(Dataset records):
--

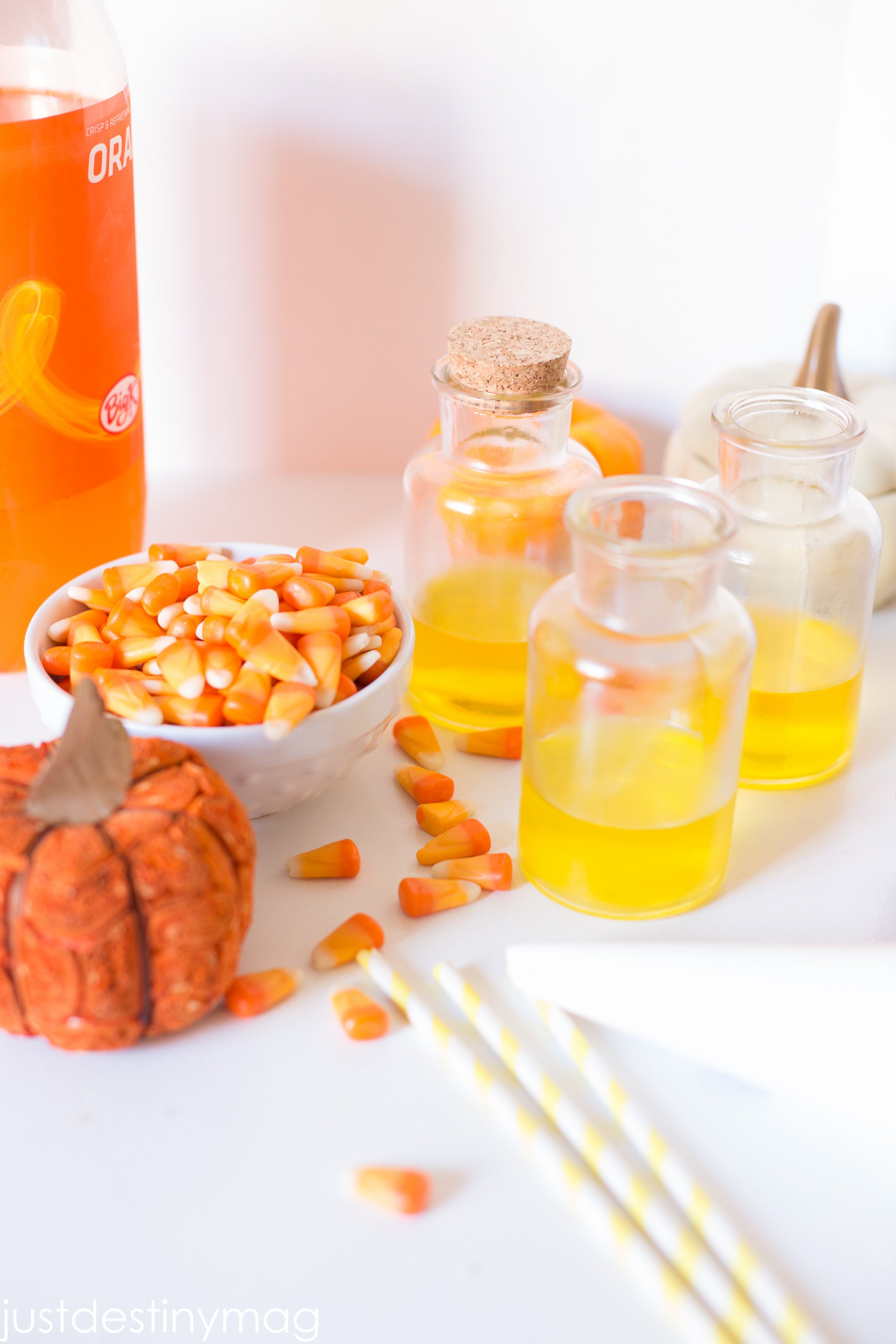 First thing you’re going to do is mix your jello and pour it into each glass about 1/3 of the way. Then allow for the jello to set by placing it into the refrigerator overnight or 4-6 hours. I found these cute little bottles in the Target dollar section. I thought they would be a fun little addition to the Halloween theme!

--

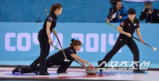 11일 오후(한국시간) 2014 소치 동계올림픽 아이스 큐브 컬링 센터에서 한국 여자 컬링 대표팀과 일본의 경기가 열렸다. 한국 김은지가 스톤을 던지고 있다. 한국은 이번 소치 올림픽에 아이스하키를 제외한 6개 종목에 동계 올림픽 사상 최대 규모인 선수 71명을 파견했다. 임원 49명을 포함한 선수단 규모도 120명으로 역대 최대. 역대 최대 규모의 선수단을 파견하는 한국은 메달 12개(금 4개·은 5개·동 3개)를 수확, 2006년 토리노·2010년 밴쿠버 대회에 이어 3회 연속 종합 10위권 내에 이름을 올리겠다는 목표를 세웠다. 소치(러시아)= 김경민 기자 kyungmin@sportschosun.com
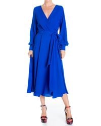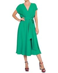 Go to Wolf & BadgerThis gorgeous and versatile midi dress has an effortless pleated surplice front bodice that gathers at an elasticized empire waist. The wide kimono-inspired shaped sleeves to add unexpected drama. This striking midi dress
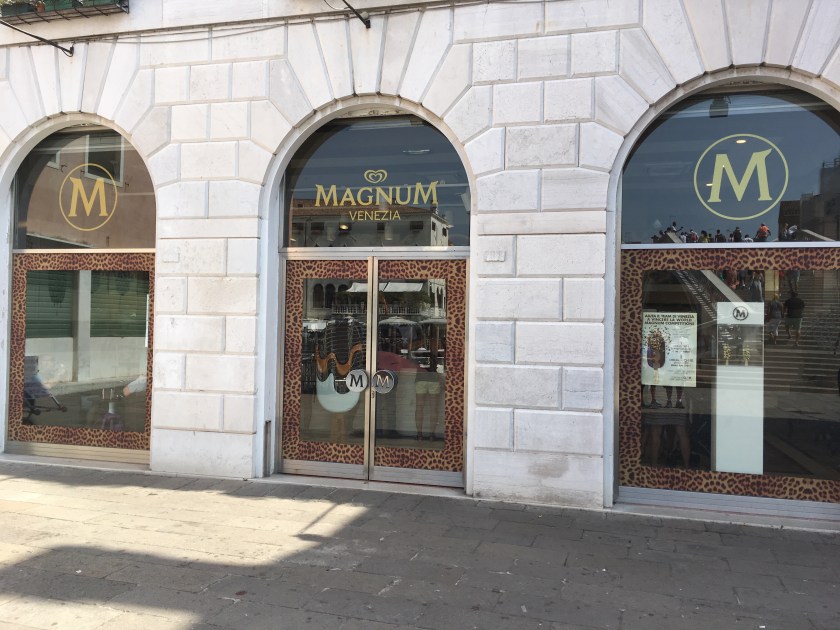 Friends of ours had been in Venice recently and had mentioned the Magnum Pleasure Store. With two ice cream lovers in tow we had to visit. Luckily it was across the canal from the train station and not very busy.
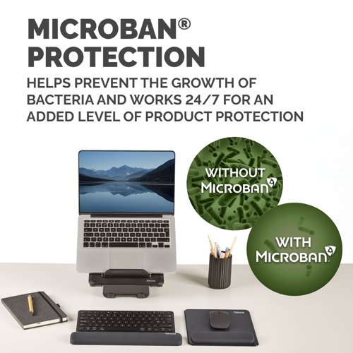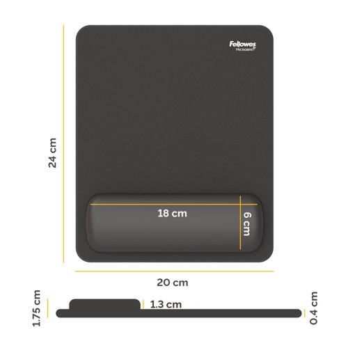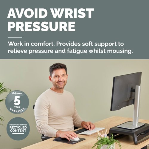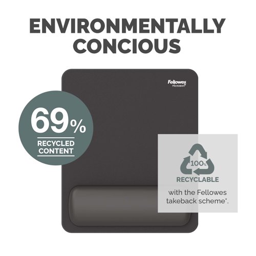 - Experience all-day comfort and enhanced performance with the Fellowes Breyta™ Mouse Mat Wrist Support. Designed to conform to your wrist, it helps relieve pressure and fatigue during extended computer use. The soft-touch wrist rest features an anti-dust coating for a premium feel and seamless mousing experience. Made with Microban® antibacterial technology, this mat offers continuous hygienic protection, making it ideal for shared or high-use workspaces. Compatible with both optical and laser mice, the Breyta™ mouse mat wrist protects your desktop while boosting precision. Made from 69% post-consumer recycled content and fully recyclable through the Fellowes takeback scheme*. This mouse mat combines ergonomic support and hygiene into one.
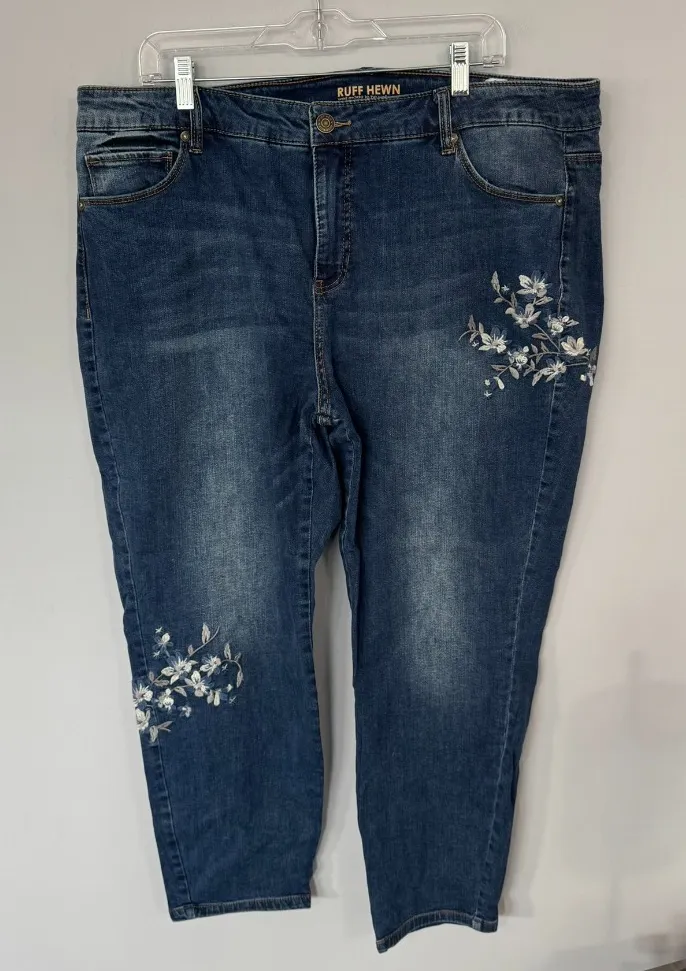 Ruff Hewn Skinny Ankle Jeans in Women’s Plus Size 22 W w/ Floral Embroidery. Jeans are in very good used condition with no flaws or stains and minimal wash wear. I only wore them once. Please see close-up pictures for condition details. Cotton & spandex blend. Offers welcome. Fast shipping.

--

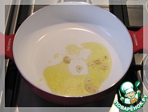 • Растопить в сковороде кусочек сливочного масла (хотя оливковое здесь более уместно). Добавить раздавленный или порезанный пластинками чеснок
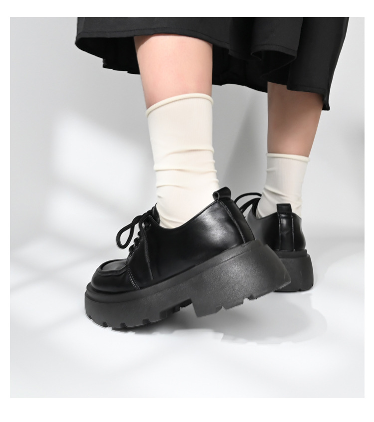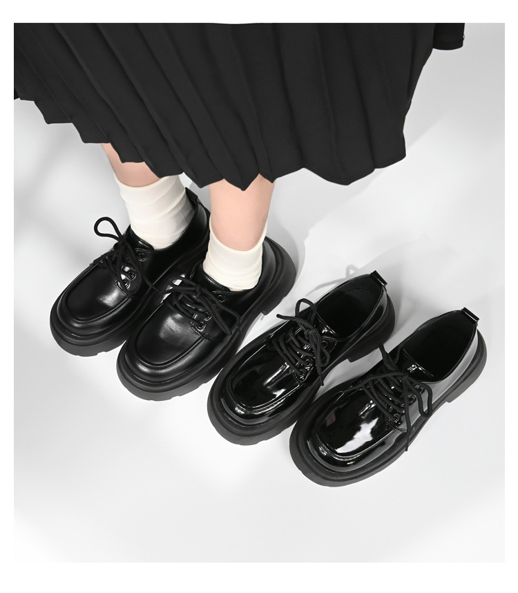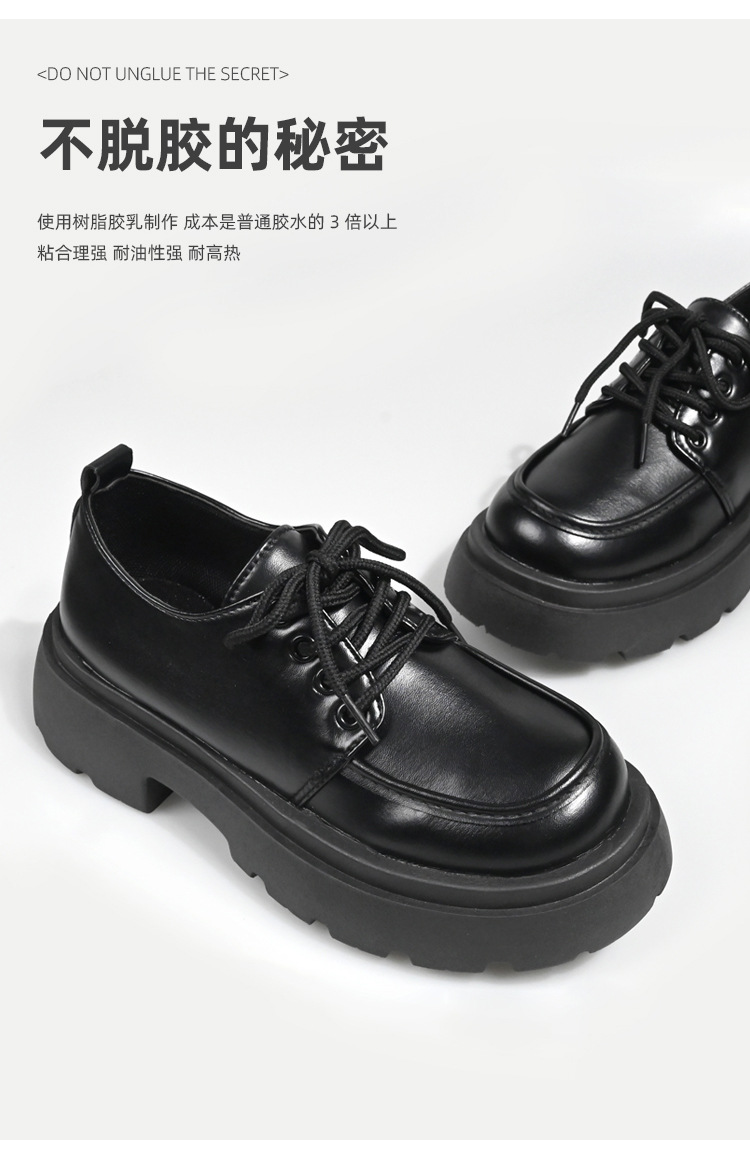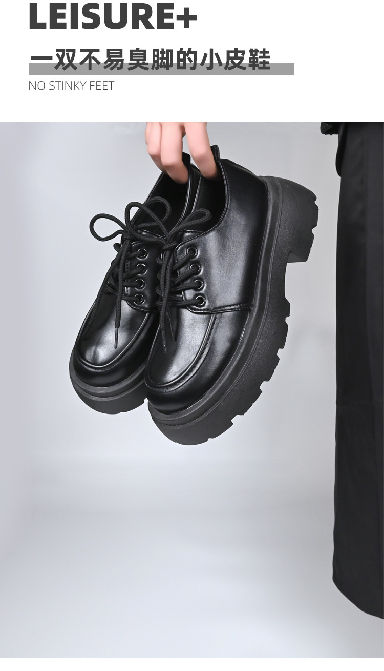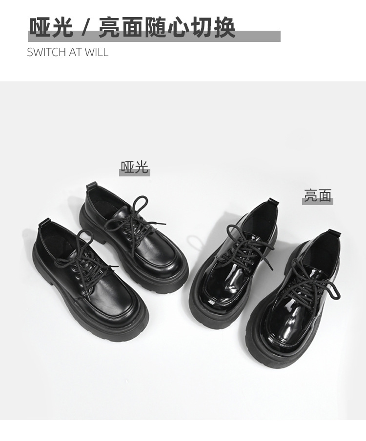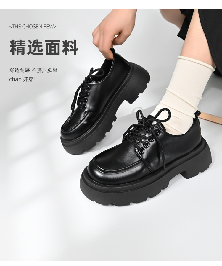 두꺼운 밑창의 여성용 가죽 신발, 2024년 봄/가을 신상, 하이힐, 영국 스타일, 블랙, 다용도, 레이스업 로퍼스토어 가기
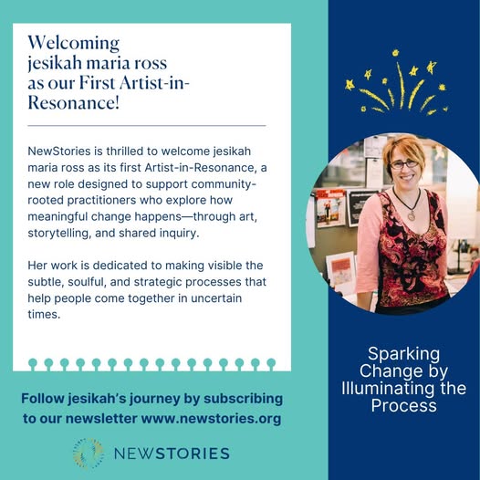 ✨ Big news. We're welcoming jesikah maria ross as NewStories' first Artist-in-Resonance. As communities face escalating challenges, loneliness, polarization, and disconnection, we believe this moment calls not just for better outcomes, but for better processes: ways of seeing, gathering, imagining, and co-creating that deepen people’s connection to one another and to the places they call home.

--

(What this task involves):
Copy word for word only the lines above from the one with "Go to Wolf &" through the one with "Friends of ours". Leave pictures out.

(Solution for this task):
 Go to Wolf & BadgerThis gorgeous and versatile midi dress has an effortless pleated surplice front bodice that gathers at an elasticized empire waist. The wide kimono-inspired shaped sleeves to add unexpected drama. This striking midi dress
 Friends of ours had been in Venice recently and had mentioned the Magnum Pleasure Store. With two ice cream lovers in tow we had to visit. Luckily it was across the canal from the train station and not very busy.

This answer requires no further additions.